Artists

HEW LOCKE

Congo Man, 2007

Hew Locke (1959, Edinburgh) lives and works in London. Locke moved to Guyana where he spent his formative years. Back in the UK he completed an MA in sculpture at the Royal College.  He first came to national notice with his ''Cardboard Palace' created in 2002 for Chisenhale Gallery.

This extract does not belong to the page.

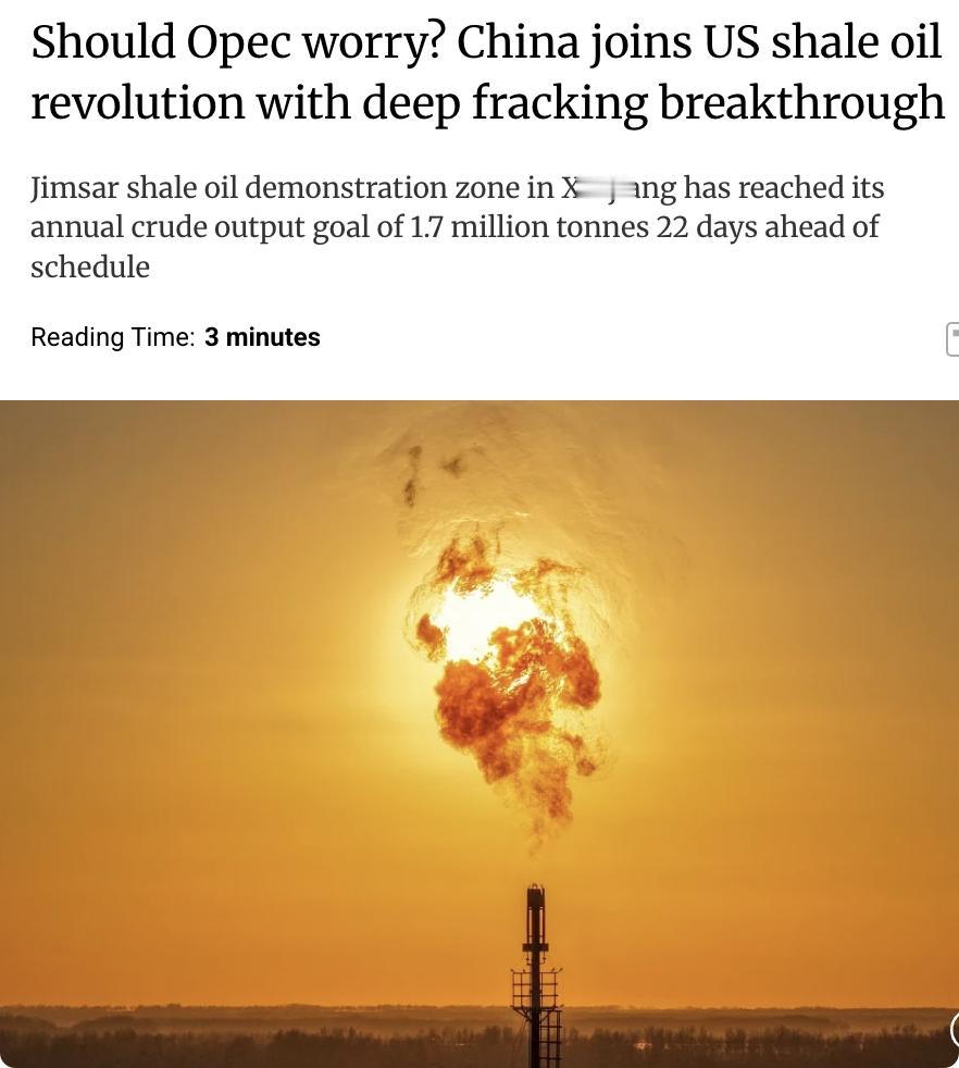 外媒:中国在页岩油开采技术上取得重大突破,新疆吉木萨尔页岩油示范区提前22天完成年产170万吨原油目标。 中国拥有世界最大的可开采页岩气储量和第三大的可开采页岩油储量。此前美国页岩油革命使其成为全球最大原油生产国,削弱了石油输出国组织(OPEC)的市场影响力。 中国页岩油的商业开采可能会对OPEC及其盟友构成威胁,但中国页岩油层埋藏更深,开采难度较大。

Locke began to see the Royal Family as a vehicle through which he confronted and evaluated his experiences of growing up and his work began to develop a sense of a resulting cultural clash. Locke breaks down the image and then renders this famous face in his own terms, creating elaborate glitzy effigies with a hint of menace, out of modest materials such as plastic lizards, sequin waste, fake machine gun parts and silk flowers.

 

Locke has exhibited extensively around the UK, including Tate Britain as part of British Art Week, BAS6, The V&A Museum, The New Art Gallery Walsall, The Bluecoat Gallery and The British Museum. Locke has recently been commissioned to make a permanent installation for The New Art Exchange, Nottingham.  In the US he has shown at The Luckman Gallery LA, Atlanta Contemporary Arts and at The Brooklyn Museum .  He is taking part in 'Second Life' at the Museum of Art and Design, New York.  He is creating new work for a solo show with Iniva at Rivington Place, London in 2008.